Ferguson's first troubled-asset purchase totaled $350,000 for 43 lots in phase one of Bentonville's Cornerstone Ridge neighborhood, where he paid 18 cents on the dollar in a direct purchase from the FDIC.

He bid on the property, part of a subdivision developed by Tom Terminella, in August 2008 and closed on the purchase a month later. Terminella couldn't be reached for comment.

"People thought I had lost my mind," Ferguson said. "I've more than doubled my money on it, and that got me started."

He has owned as many as 70 residential lots, a number reduced by sales to 29, and invested in about 15 foreclosure sales of homes.

Ferguson threw himself into the Cornerstone Ridge project, cleaning up debris and mowing grass on undeveloped lots. He also funded the neglected property owners' association account to make it whole and get routine maintenance of the common areas back on track.

As Ferguson waded into the project, he also discovered the neighborhood's 17-acre park had been deeded to the city, instead of just the detention pond.

"Everybody was moving way too fast," Ferguson said of the mistaken transfer he had corrected.

He's in the process of cleaning up the one remaining eyesore in the neighborhood, where he intends to finish construction of a house. Ferguson is trading two vacant lots for a partially developed one, where construction has progressed no further than the concrete slab foundation poured in 2006.

On paper, his two lots are more valuable. But he's willing to take a short-term loss to dress up the long-term value of the neighborhood.

"Banks won't do that," Ferguson said. "They won't take on other problems. I have a different attitude about this. People are going to low-ball you already. Why make it worse?

"I never want to be a distressed seller. I want to buy distressed property and sell quality."

Ferguson wonders when lenders will begin realizing the book value of assets recovered from borrowers is inflated relative to market conditions. Hoping the adjusted value of a property will double to recover a 50 percent loss can be a futile waiting game, he said.
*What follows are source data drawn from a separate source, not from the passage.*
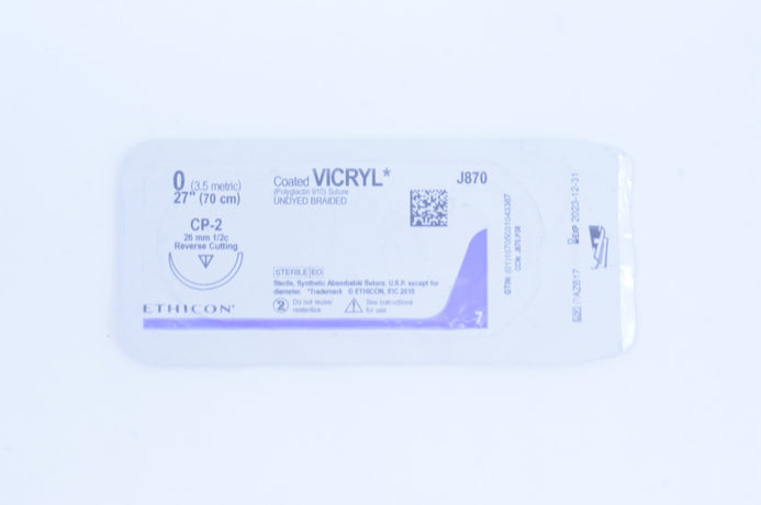 Ethicon J870 0 Coated VICRYL Stre, CP-2 26mm 1/2c Reverse Cutting, 27inch (x)
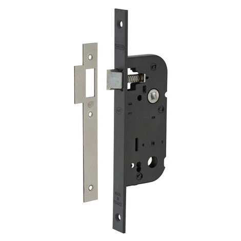 Coffre acier embouti. Têtière acier. Demi-tour alliage réversible sans démontage du coffre. Gâche plate acier. Carré 7mm.
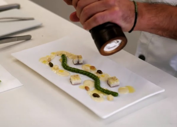 2. Strain the pesto balls from the alginate bath and deposit them in a row in a long, narrow mould with a half-round shape of 0.3 cm wide. In this way, we will form a long and narrow “worm”, formed by 20 pesto balls in a row.
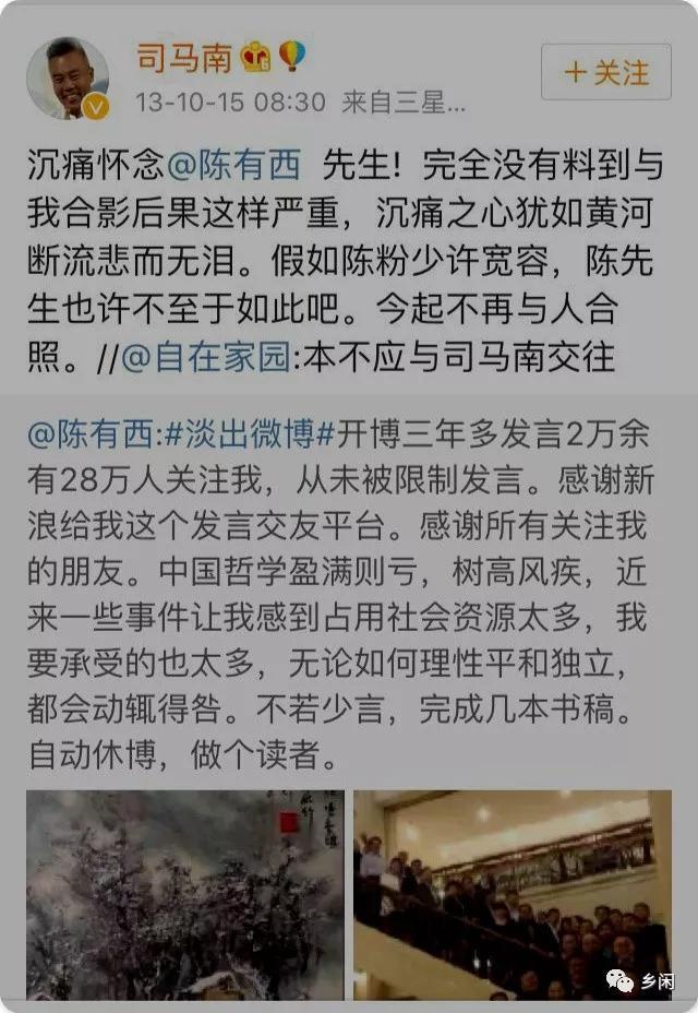 这张合影,正是与司马南老师合影,在2013年风头正劲的微博宇宙,掀起巨浪。正是这股浪头,这张与司马南老师的合影,迫使陈有西隐退微博,至今已经过去八年。

"How much you have in it is irrelevant," he said. "The bigger question is how much can you get out of it? Banks need to come to grips with that and be dispassionate about it."

Ferguson recalls his own high-stress, gut-check epiphany trying to hold an indefensible position in the face of overwhelming market forces.

It was December 2001, and he had taken a heavy position speculating on interest rates linked with an economy not in recovery. However, the market behaved as if a recovery were under way and wouldn't budge, turning his savvy play into a losing proposition.

"When you're highly leveraged, the market can stay irrational longer than you can stay solvent," Ferguson said. "I tried to ride it out, but it only got worse. I finally accepted my loss, and it was the best thing I ever did.

"I took some time off, came back and had the best year I ever had. I made $2 million, and it didn't matter how stupid I had been losing $600,000."

His initial investment basis later proved to be sound, which fueled his financial recovery in 2002 after he renewed his position and caught the delayed market swing.

Ferguson considered himself an above-average trader and speculator during his hedge fund days but is content with his current situation.

"I'd rather work here and make half the money," he said. "This is paradise as far as I'm concerned."

J. Brian Ferguson's Life Before Arkansas

Grew up in Greenwood, Miss.

1983: Graduated from the U.S. Military Academy, West Point, N.Y. Served five years in the Army and mustered out as an Airborne Ranger-trained captain.

1988: Joined Money Management Group Inc. of San Francisco as a trading assistant.

1989: Moved to New York to work for Tudor Investment Corp., where he was trained by Paul Tudor Jones, legendary trader and billionaire hedge fund manager. Eventually, oversaw the firm's fixed-income operations.

1993: Joined Bankers Trust Corp., transferred to London and became managing director. Oversaw the firm's European Fixed Income Arbitrage business, including European mortgage trading.

1999: Joined Soros Fund Management as portfolio manager and London board member, after Bankers Trust was acquired by Deutsche Bank.

2001: Joined Mizuho Corporate Bank as portfolio manager and head of European fixed-income trading group.